Thank you again for read the issue.

Rambatino commented 3 years ago

I have read that. We used that to construct parts of this algorithm.

So here is where the p_value is calculated: https://github.com/Rambatino/CHAID/blob/master/CHAID/stats.py#L150

I don't really have time to implement, but ideally there's be a configuration parameter --bonferroni or whatever, and then that is present, it would apply the bonferroni adjustment to that p_value. The rest of the algorithm should just carry on as normal.

binkmust commented 3 years ago

thank you for https://github.com/Rambatino/CHAID/blob/master/CHAID/stats.py#L150 advice.

what about the following process:

  1. for ordinal predictors, the algorithm first generates the best set of categories using all non-missing information from the data. next the algorithm identifies the category that is most similar to the missing category. finally the algorithm decides whether to merge the missing category with its most similar category or keep the missing category as a separate category . Two p-values are calculated, one for the set of categories formed by merging the missing category with its most similar category, and the other for the set of categories formed by adding the missing category as a separate category.
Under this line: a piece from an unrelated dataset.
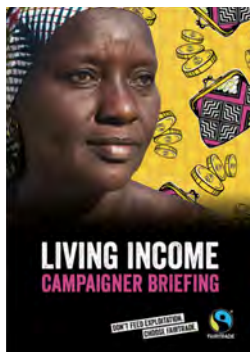
Living Income Campaigner Briefing Refresh yourself on the issues in cocoa in West Africa with our comprehensive campaigner briefing

Take the action that gives the smallest p-value.

can you give me some advice to implement in your project structure

Rambatino commented 3 years ago

Hmm I dunno if it needs to be that complex.

Given this:

Suppose that a predictor variable originally has I categories, and it is reduced to r categories
after the merging step. The Bonferroni multiplier B is the number of possible ways that I
categories can be merged into r categories. For r = I, B = 1. For 2 ≤ r < I, use the following
equation.

image

Aslong as you can calculate B, you can multiple through with the p value and adjust it, right?